▶ _Dataset entries_:
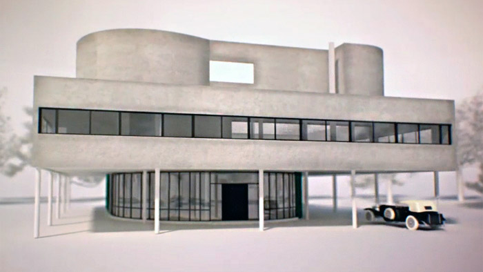 Animace ukazuje moderní prvky ve Villa Savoye od Le Corbusiera
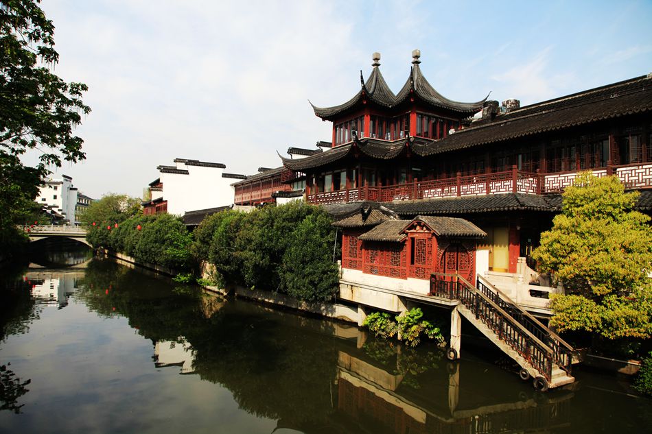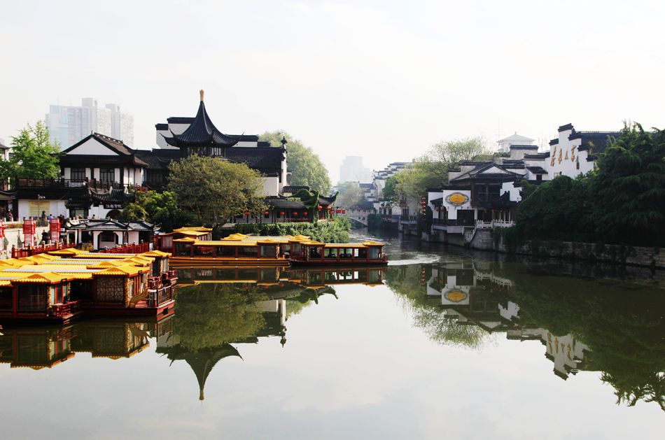 我对秦淮河的认识是从《桃花扇》中得来的,孔尚任的:“浆声灯影连十里,歌女花船戏浊波”还有杜牧的:“烟笼寒水月笼沙,夜泊秦淮近酒家。商女不知亡国恨,隔江犹唱后庭花”,都是诗人对秦淮河的真实写照。前者写的是秦淮河两岸畸形的繁华景象,后者则是对权贵沉湎于酒色的讥讽。如今,由于历史的变迁,十里秦淮昔日繁荣早已不复存在,六朝旧梦,江山、美人也都黄鹤一去,唯有这潺潺的流水亘古不变。
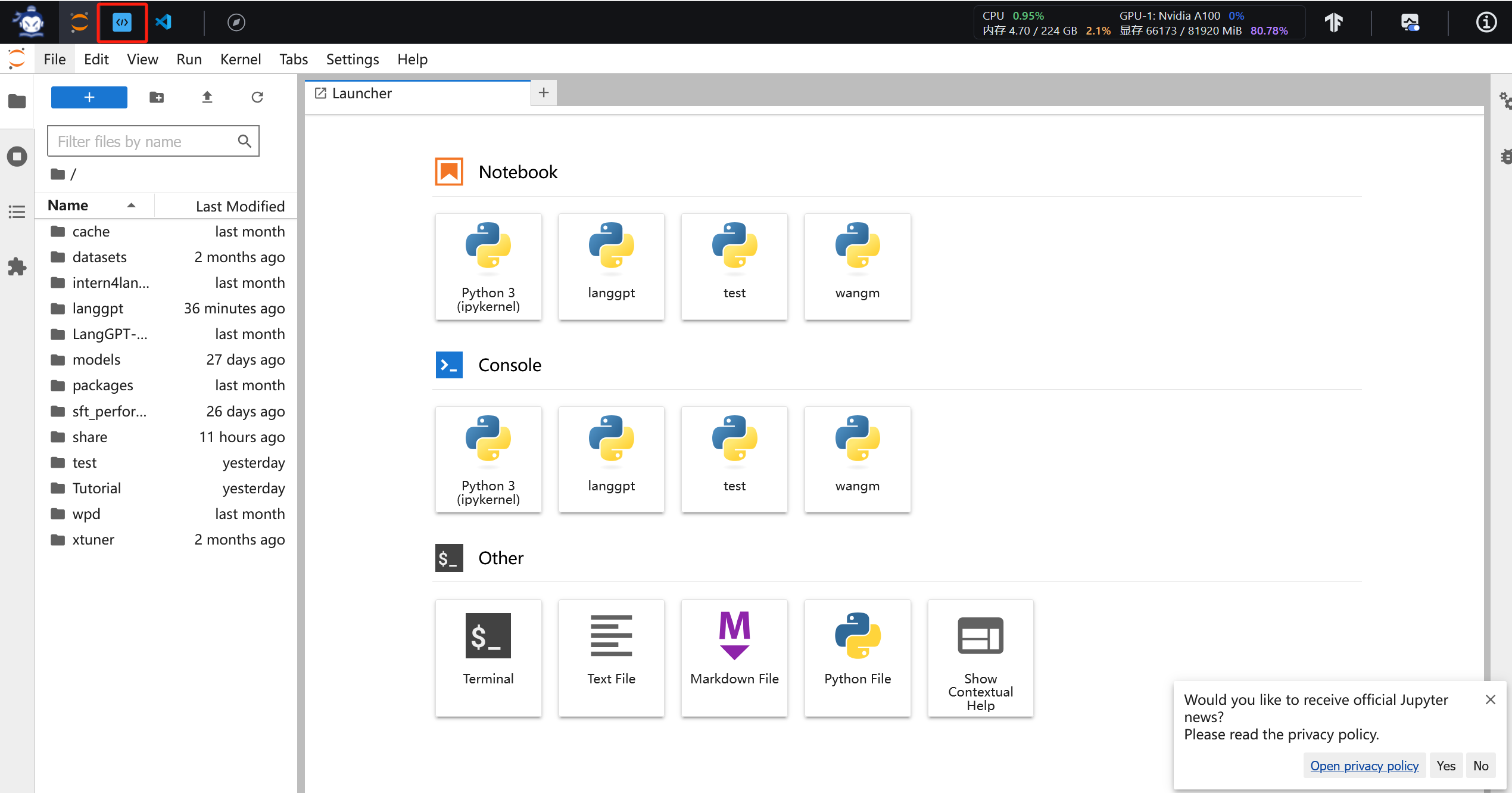 创建成功后点击进入开发机打开WebIDE。进入后在WebIDE的左上角有三个logo,依次表示JupyterLab、Terminal和Code Server,本节需要使用Terminal和Code Server。
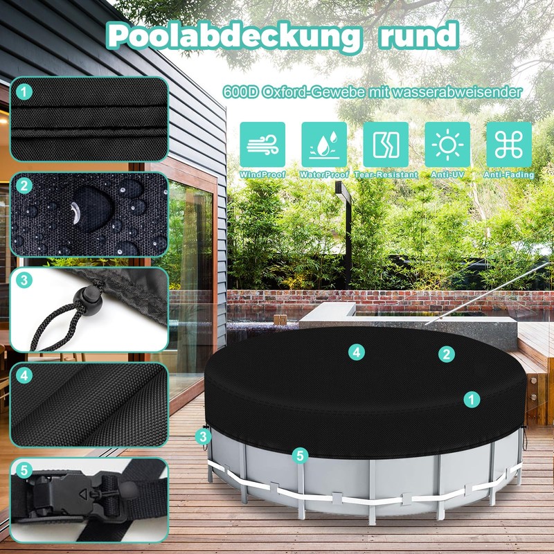 - Material: the pool cover is made of high-quality 600D Oxford fabric. The high density material can better prevent dust and is more wear-resistant and tear-resistant in bad weather. In the middle of the pool cover there are 4 drainage holes, round pool cover prevents dirt, leaves and rubbish, in and contaminates your pool.
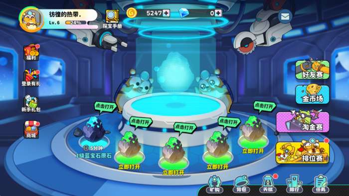 软件提交 专题合集 热门手游在《经典矿工》中,左侧区域是福利中心:记得每天签到领奖、领取新人礼包和免费矿钩体验。右侧为玩法选择区,包括经典排位赛、好友对战、金币场和淘金赛,建议新手从经典模式开始熟悉。右下角可管理矿钩、角色和天赋,而画面中央的原石可通过每日任务与排位赛积累,每日完成简单任务即可逐步收集。
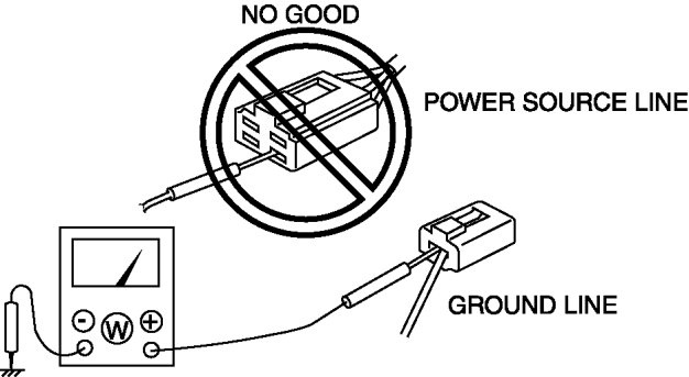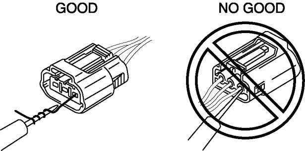 - To prevent damage to the terminal, wrap a thin wire around the tester probe before inserting into terminal.
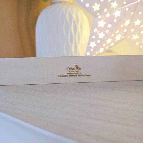 Matériaux : Bois naturel et papier type journal soigneusement collé
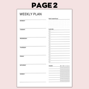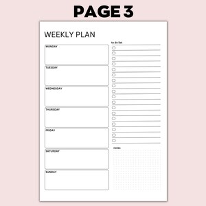Planner Printable Weekly Organizer Black and White Weekly Planner
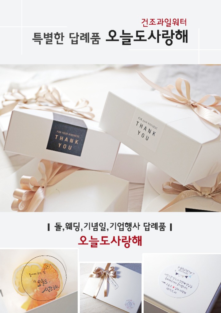 연말연시 각종행사엔~ 작성자딸기보름달|작성시간17.12.23|조회수42 목록 댓글 0 글자크기 작게가 글자크기 크게가 오늘도사랑해 예쁜답례품을 선물하세요~ 오늘도사랑해 : 네이버쇼핑 스토어팜물에게.. 나에게.. '오늘도사랑해'.토닥토닥워터.건조과일.건과일.레몬녹차수storefarm.naver.com 다음검색 현재 게시글 추가 기능 열기 북마크 공유하기 신고 센터로 신고 댓글 댓글 0 댓글쓰기 답글쓰기 댓글 리스트

▶ _Description of the task_: Your task is to repeat exactly the lines from the beginning of the data to the line that contains "Planner Printable Weekly", both ends included, leaving out pictures.

▶ _Solution to this problem_:
 Animace ukazuje moderní prvky ve Villa Savoye od Le Corbusiera
 我对秦淮河的认识是从《桃花扇》中得来的,孔尚任的:“浆声灯影连十里,歌女花船戏浊波”还有杜牧的:“烟笼寒水月笼沙,夜泊秦淮近酒家。商女不知亡国恨,隔江犹唱后庭花”,都是诗人对秦淮河的真实写照。前者写的是秦淮河两岸畸形的繁华景象,后者则是对权贵沉湎于酒色的讥讽。如今,由于历史的变迁,十里秦淮昔日繁荣早已不复存在,六朝旧梦,江山、美人也都黄鹤一去,唯有这潺潺的流水亘古不变。
 创建成功后点击进入开发机打开WebIDE。进入后在WebIDE的左上角有三个logo,依次表示JupyterLab、Terminal和Code Server,本节需要使用Terminal和Code Server。
 - Material: the pool cover is made of high-quality 600D Oxford fabric. The high density material can better prevent dust and is more wear-resistant and tear-resistant in bad weather. In the middle of the pool cover there are 4 drainage holes, round pool cover prevents dirt, leaves and rubbish, in and contaminates your pool.
 软件提交 专题合集 热门手游在《经典矿工》中,左侧区域是福利中心:记得每天签到领奖、领取新人礼包和免费矿钩体验。右侧为玩法选择区,包括经典排位赛、好友对战、金币场和淘金赛,建议新手从经典模式开始熟悉。右下角可管理矿钩、角色和天赋,而画面中央的原石可通过每日任务与排位赛积累,每日完成简单任务即可逐步收集。
 - To prevent damage to the terminal, wrap a thin wire around the tester probe before inserting into terminal.
 Matériaux : Bois naturel et papier type journal soigneusement collé
Planner Printable Weekly Organizer Black and White Weekly Planner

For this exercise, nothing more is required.